パトリック・モディアノ著「暗いブティック通り」を読んで

2014年ノーベル文学賞受賞作家の代表作の一つです。ゴングール賞受賞作
でもあります。

最初は単なる記憶喪失の男の自分探しの話と思いましたが、主人公が微かな
手掛かりの断片から試行錯誤を続けながら、ミステリアスな霧に包まれた
自分の過去に分け入って行く展開が、次第に濃密な愛の物語、第二次世界大戦
中のナチス占領下、抑圧されたフランス社会の状況を眼前に浮かび上がらせる、
忌まわしい物語へと移行して行くに連れて、主人公個人の行状を離れて、
普遍的な戦争の時代の市井の人間を描く物語へと昇華して行く。その鮮やかな
手並みにすっかり魅了されました。

まず愛の物語という点から触れると、主人公がその存在を追い求める彼の恋人、
あるいは妻ドニーズは、彼の記憶が戻って来る物語の最終盤に至るまで、その
佇まい、容姿が明らかになりません。しかしそのような中にも、主人公と彼女の
愛情のかたちは濃密な気体となって間違いなく偏在し、実は主人公は物語の
冒頭より、記憶はなくともこの追憶の痕跡に突き動かされていたように感じます。

その思慕の感情描写に、私はパトリス・ルコント監督の映画「髪結いの亭主」の
主人公の憧憬と通じるものを感じました。そういえばルコントは、モディアノ
原作の「イヴォンヌの香り」という映画も撮っています。

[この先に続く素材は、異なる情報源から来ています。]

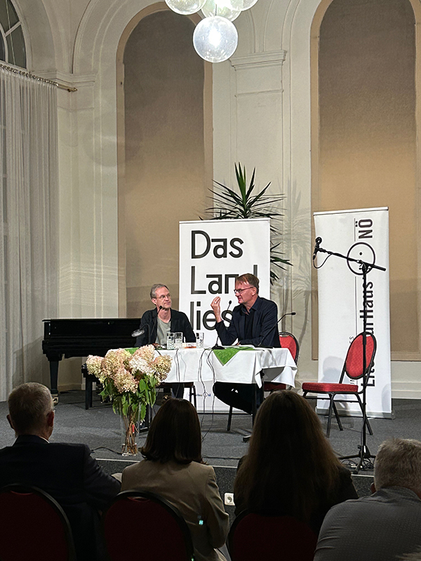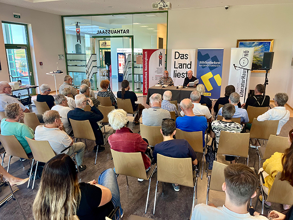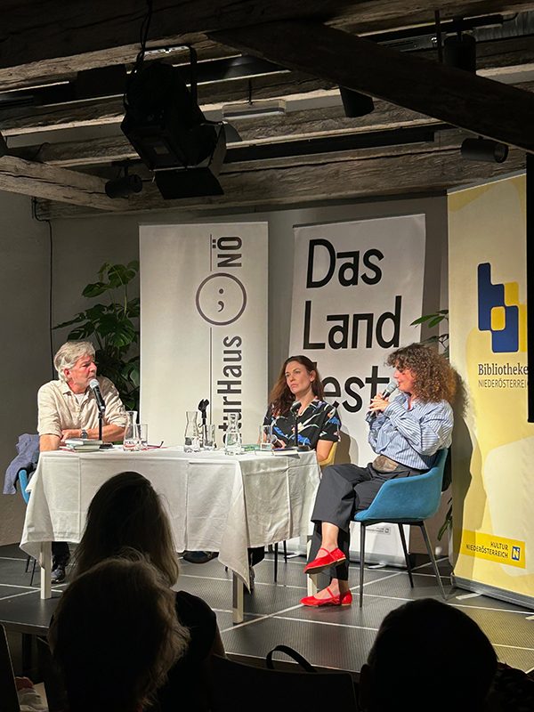 DAS LAND LIEST – Unsere Kooperation mit Literaturhaus NÖ – fand heuer von 15. bis 25. September bereits zum 5. Mal in ausgewählten niederösterreichischen Bibliotheken statt. Quer durchs Bundesland wurde gelesen, erzählt, gesprochen, diskutiert. Begleitet wurden die Autor:innen auf dieser spannenden literarischen Reise von namhaften Moderator:innen, Historiker:innen sowie Medienexpert:innen.

現代フランス文芸に
特徴的な、一つの愛の表現とも感じられます。

主人公とドニーズを破滅に導いた事件は、作中には一言も触れられませんが、
ナチスのフランス進攻によってもたらされたものでした。しかし事件の顛末も含め、
全ては霧の中。ドニーズの以降の消息も判明せず、主人公の本名でさえ明らかに
なりません。さらには、あの狂気の時代の行く末も、明確には記されていません。

だがカオスのような記憶の断片がうねり、渦巻きながら、やがておぼろげな
かたちとなって立ち現われて来るものがあります。それは公式の記録では語られる
ことのない、個々の人間の生活の記憶が織りなす、集合体としての時代の気分
であり、そのようなかたちで掬い上げられたものこそが、その時代の社会の真実を
的確に指し示しているに違いない。モディアノはこのようなゆるぎない信念を持って、
本書を上梓したと、感じました。